---------- Material for this exercise

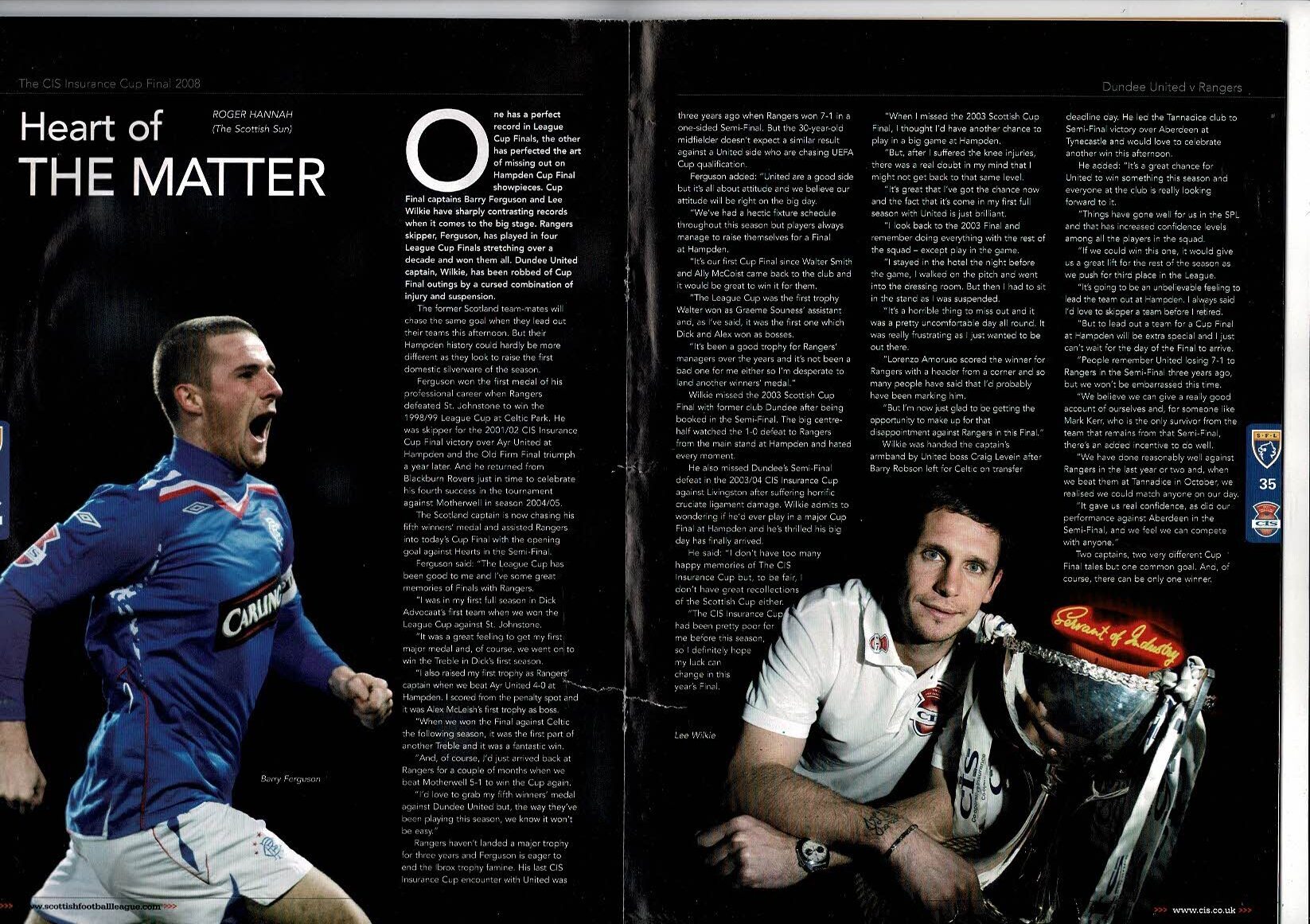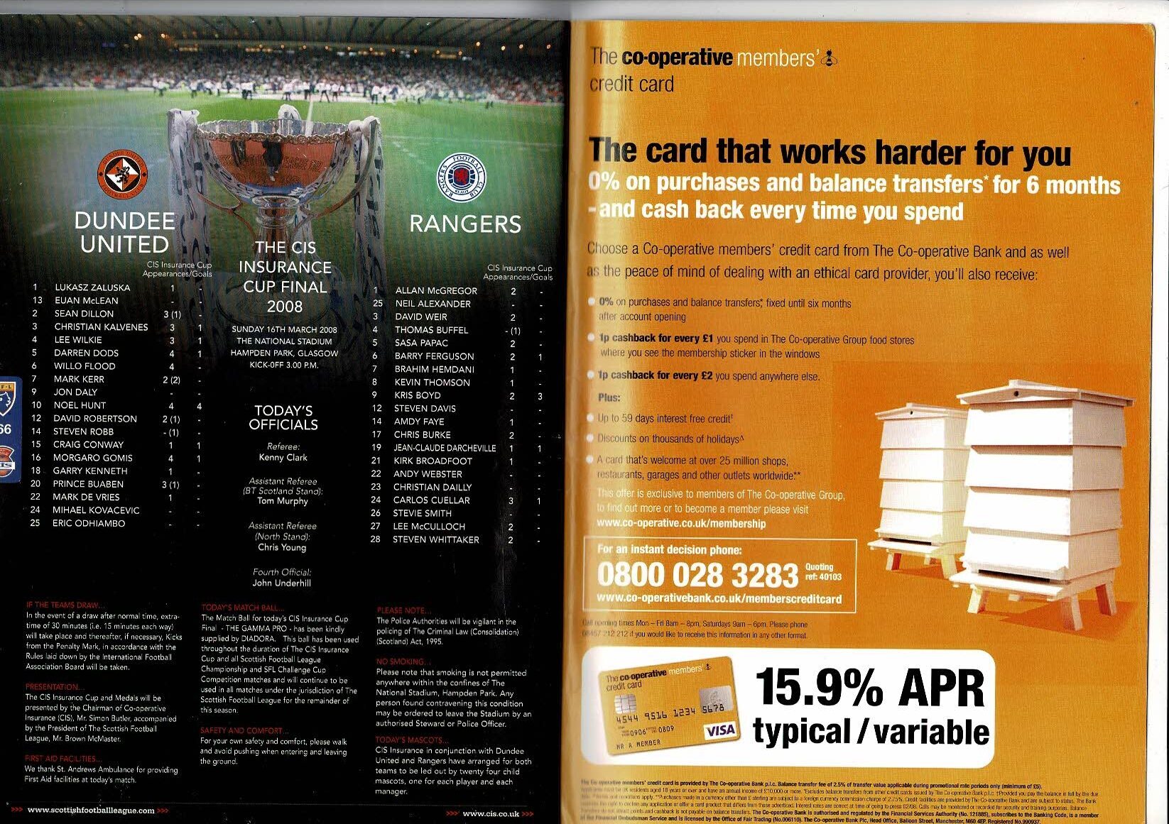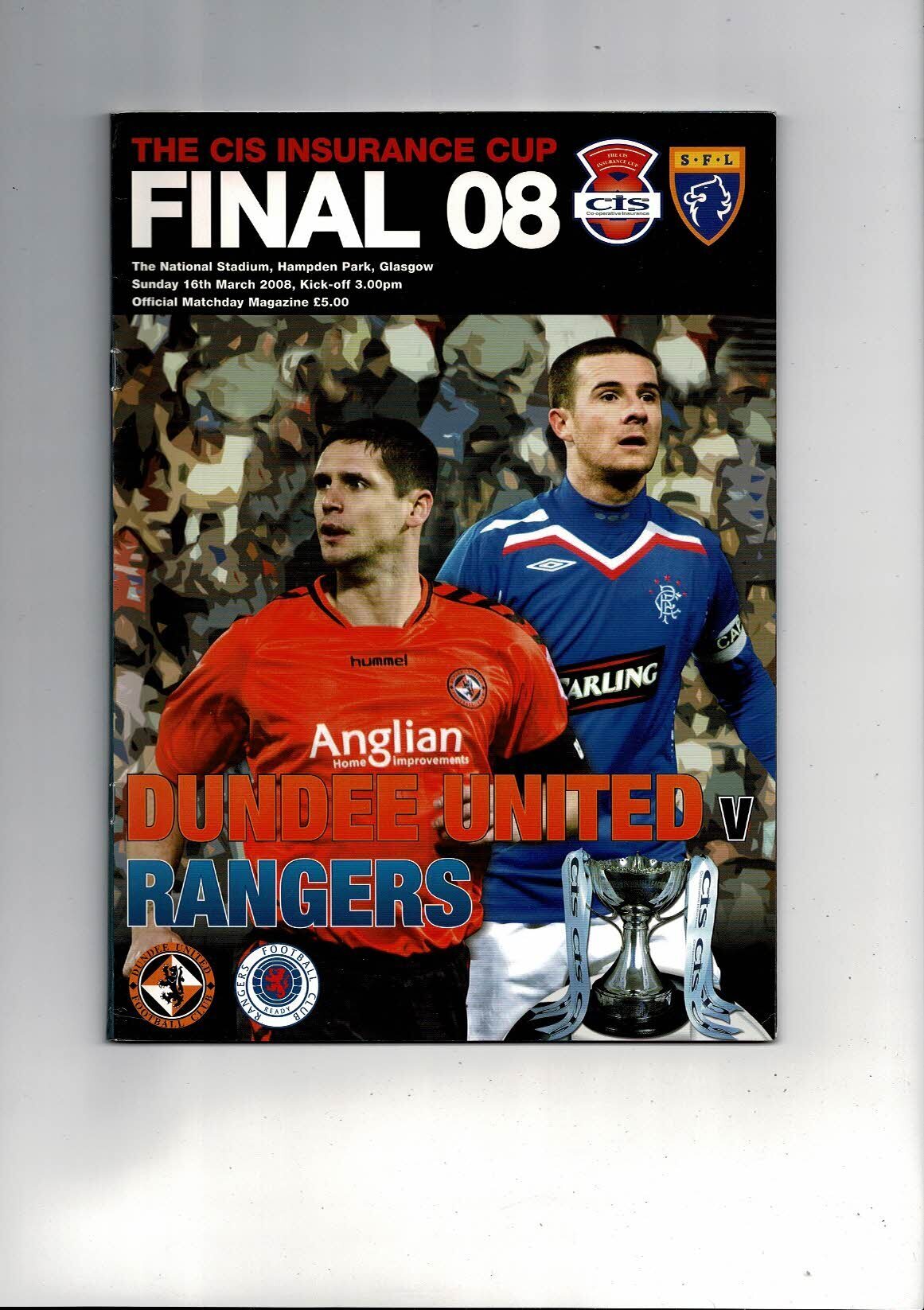 2008 Dundee United v Rangers Scottish League Cup Final Football Programme
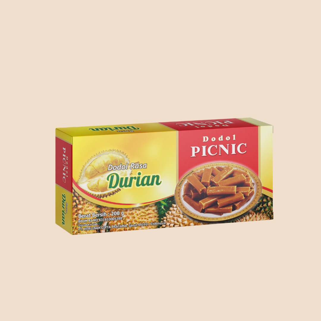 Nikmati sensasi kelezatan tropis dari Dodol Garut Picnic Rasa Durian, varian istimewa yang memadukan lembutnya dodol tradisional dengan aroma khas durian yang kuat dan menggugah selera. Setiap gigitan menghadirkan rasa manis legit dengan cita rasa durian asli yang nikmat tanpa berlebihan.
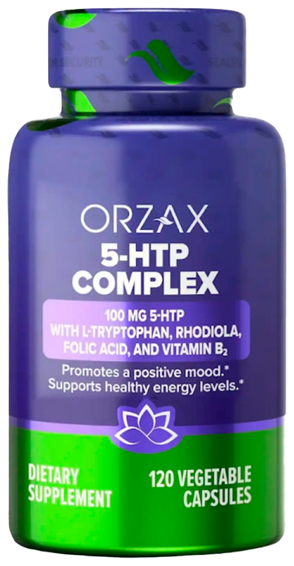 Orzax 5-HTP Complex - это мощная комбинация 5-гидрокситриптофана, L-триптофана, родиолы, витамина B2 и фолиевой кислоты.
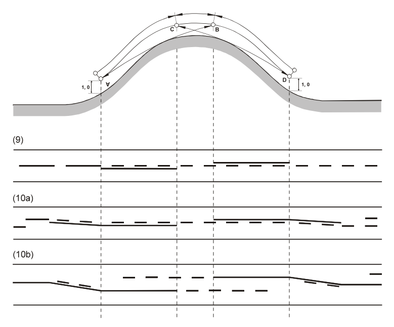 2. (a) Pitkittäisellä katkonaisen viivan muodostamalla merkinnällä ajoradalla ei ole kieltävää merkitystä, mutta sitä käytetään (i) joko rajaamaan ajokaista liikenteen ohjaamiseksi (ii) tai varoittamaan ennalta jatkuvan viivan ja sen ilmaiseman kiellon alkamisesta tai muusta erityisen vaarallisesta tieosuudesta. (b) Kun katkoviivoja käytetään tämän kohdan a alakohdan ii alakohdassa mainittuun tarkoitukseen, katkoviivan osien välisten etäisyyksien ja näiden osien pituuksien keskinäisen suhteen on oltava selvästi pienempi kuin silloin, kun niitä käytetään tämän kohdan a alakohdan i alakohdassa mainittuun tarkoitukseen. (c) Kaksoiskatkoviivaa voidaan käyttää erottamaan kaista tai kaistat, joiden liikenteen suunta voi vaihtua tämän yleissopimuksen 23 artiklan 11 kohdan mukaisesti. 3. Jos pitkittäisen merkinnän muodostaa katkoviivan viereen ajorataan sijoitettu yhtenäinen viiva, kuljettajien on huomioitava ainoastaan se viiva, joka on heidän puolellaan. Tämä määräys ei estä kuljettajia, jotka ovat suorittaneet sallitun ohituksen, palaamasta tavanomaiseen asemaansa ajoradalla. 4. Tätä artiklaa sovellettaessa pitkittäisiksi merkinnöiksi ei katsota ajoradan reunaa osoittavia pitkittäisiä merkintöjä, joiden tarkoituksena on tehdä reunat paremmin havaittaviksi, pitkittäisiä viivoja, joita käytetään yhdessä poikittaisten viivojen kanssa ajoradalla olevien pysäköintipaikkojen rajaamiseen, eikä pitkittäisiä viivoja, joilla osoitetaan pysähtymis- tai pysäköintikielto tai -rajoitus. | 2. (a) A longitudinal marking consisting of a broken line on the carriageway shall not have a prohibitory meaning, but shall be used either: (i) To demarcate lanes for the purpose of guiding traffic; or (ii) To give warning of the approach to a continuous line and the prohibition that line conveys, or of the approach to another section of road presenting a particular danger. (b) The ratio between the length of the gaps between the strokes and the length of the strokes shall be substantially smaller where broken lines are used for the purposes referred to in subparagraph (a) (ii) of this paragraph than where they are used for the purpose referred to in subparagraph (a) (i) thereto. (c) Double broken lines may be used to delineate a lane or lanes in which the direction of the traffic flow may be reversed in conformity with Article 23, paragraph 11, of this Convention. 3. Where a longitudinal marking consists of a continuous line adjacent to a broken line on the carriageway, drivers shall take account only of the line that appears on their side. This provision shall not prevent drivers who have overtaken in the manner permitted from resuming their normal position on the carriageway. 4. For the purposes of this Article, longitudinal lines used to mark the edges of the carriageway in order to make them more visible, longitudinal lines connected to transverse lines used to demarcate parking spaces on the carriageway, and longitudinal lines showing a prohibition or restrictions on standing or parking shall not be regarded as longitudinal markings. |
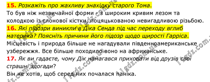 15. Розкажіть про жахливу знахідку старого Тома. То був ніж незвичайної форми - з широким кривим лезом та колодкою із слонової кістки, поцяцькованою невигадливою різьбою. 16. Які підозри виникли в Діка Сенда під час переходу вглиб материка? Поясніть причини його підозр щодо щирості Гарріса. Місцевість і природа більше не нагадували південноамериканське узбережжя. Все більше походило воно на африканське. 17. Як ви гадаєте, чому Дік намагався приховати від друзів свої страшні здогади? Він не хотів, щоб серед них почалася паніка.
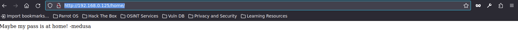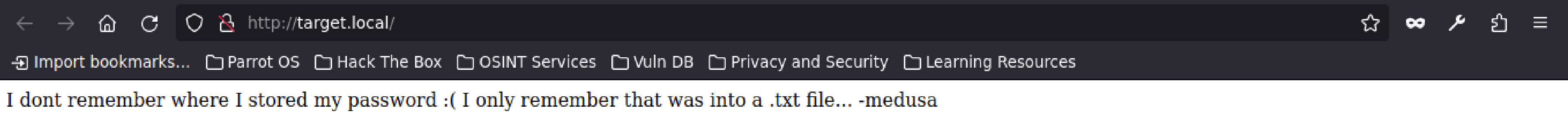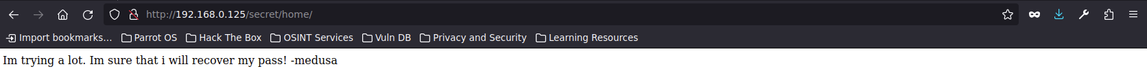 Knowing there’s a ssh service running and the medusa’s username I wondered if the password was already presented to me earlier. The only txt file I discovered was .secretnote.txt and it contained the Ihavebeenalwayshere!!! string. Was that actually a password?

--------------------

Exercise brief
Your answer should consist of the lines above between those holding "Nikmati sensasi kelezatan" and "Orzax 5-HTP Complex", inclusive, reproduced word for word and without pictures.

Response to the exercise
 Nikmati sensasi kelezatan tropis dari Dodol Garut Picnic Rasa Durian, varian istimewa yang memadukan lembutnya dodol tradisional dengan aroma khas durian yang kuat dan menggugah selera. Setiap gigitan menghadirkan rasa manis legit dengan cita rasa durian asli yang nikmat tanpa berlebihan.
 Orzax 5-HTP Complex - это мощная комбинация 5-гидрокситриптофана, L-триптофана, родиолы, витамина B2 и фолиевой кислоты.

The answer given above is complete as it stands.